Where the verify loop genuinely earns its keep, the evidence is encouraging: research on self-improving coding systems that orchestrate generate-run-feed-error-back reports gains on curated benchmarks through iterative, failure-conditioned edits. And the organisational truth is plain enough - AI is an amplifier, and without strong version control, small batches and quality internal platforms it can amplify the wrong things just as readily as the right ones. That is review gates and scaffold investment stated as a precondition, not a nicety.

What we are learning

The recurring lesson across our own building is uncomfortable for anyone selling AI velocity, and it is the thesis we keep testing against real repositories rather than slideware.

Generation is no longer the hard part. The hard part is acceptance - giving a machine the right context, verifying what it produced, reviewing it like work that matters, governing how it lands, and earning the trust to let it run again. The model writes the code; the harness decides whether anyone should keep it.

A second lesson follows from the first: most of the leverage is in subtraction. The biggest reliability wins we have seen come from giving the model less - a tighter context window, a smaller batch, a clearer convention - not from a bigger model or a cleverer prompt. This is the spirit of Beyond Vibe Coding: replacing the seductive single-shot prompt with a closed loop that proves its own output.

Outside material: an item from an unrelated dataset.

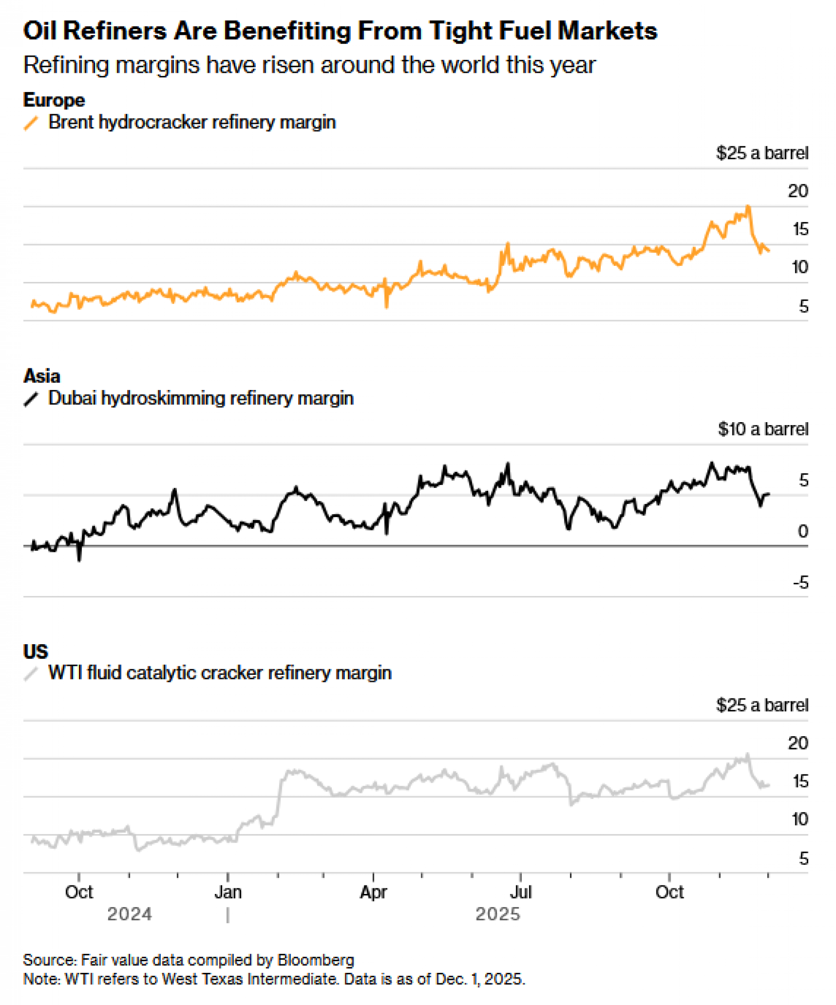 Jeftinija sirova nafta može povećati marže koje rafinerije ostvaruju preradom nafte u proizvode poput benzina, dizela i mlaznog goriva. Sredinom studenog, marže američkih rafinerija dosegle su najvišu sezonsku razinu od 2022. godine.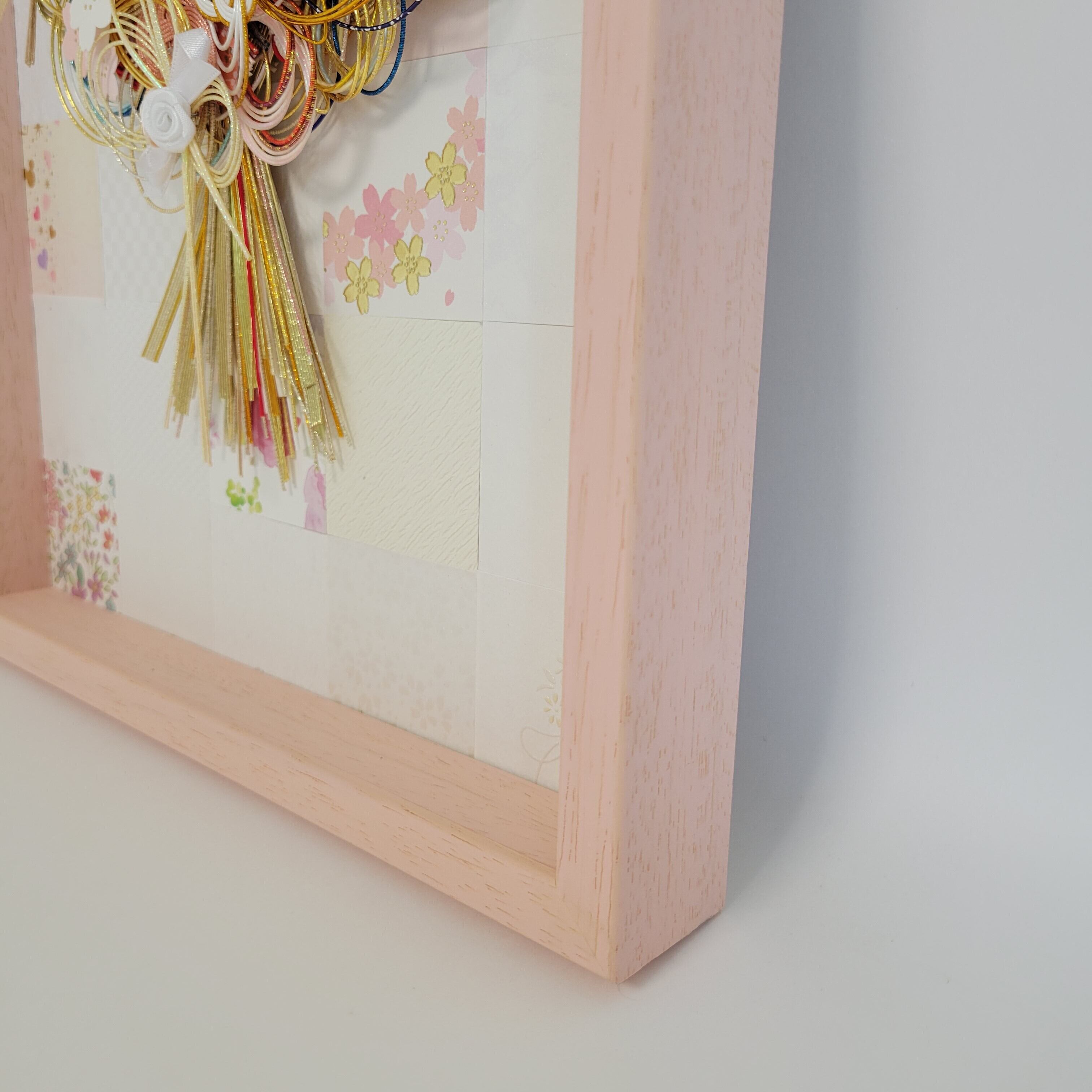 水引飾りをリースや花束の形にして入れるとインテリアになじむような作品になります。

It is also why we think about an The AI Engineering Maturity Model at all - the difference between teams that benefit from these tools and teams that quietly regress is rarely the model they use; it is whether they have the acceptance machinery around it.

An honest note on the stage

This is Incubation, and we will not dress it up. We are not AI experts and we have no proven AI track record to point to; the field is roughly two years old and the most rigorous studies in it are still arguing about their own methodology. What we bring is years of delivery, architecture and product engineering, applied to emerging AI with the same scepticism we would apply to any new tool that promised to change how software is built. The patterns described here are convictions tested against real building, not battle-tested intellectual property, and some of them will not survive contact with the next twelve months. Local pair-programming harnesses depend on hardware and model trajectories we do not control; verify loops can give false confidence when the tests themselves are weak; acceptance metrics are only as honest as the team reading them.

We are publishing this anyway, because the alternative - quiet claims of mastery - is exactly the posture the evidence punishes. The workbench will keep evolving as we learn which gates earn their cost and which we can automate away. What we are confident about is the direction: the consultancy that wins the agentic era will not be the one with the best model access, but the one that built the most trustworthy path from a generated change to a change a team is willing to own. We are building that path in the open, and we will report what holds and what breaks.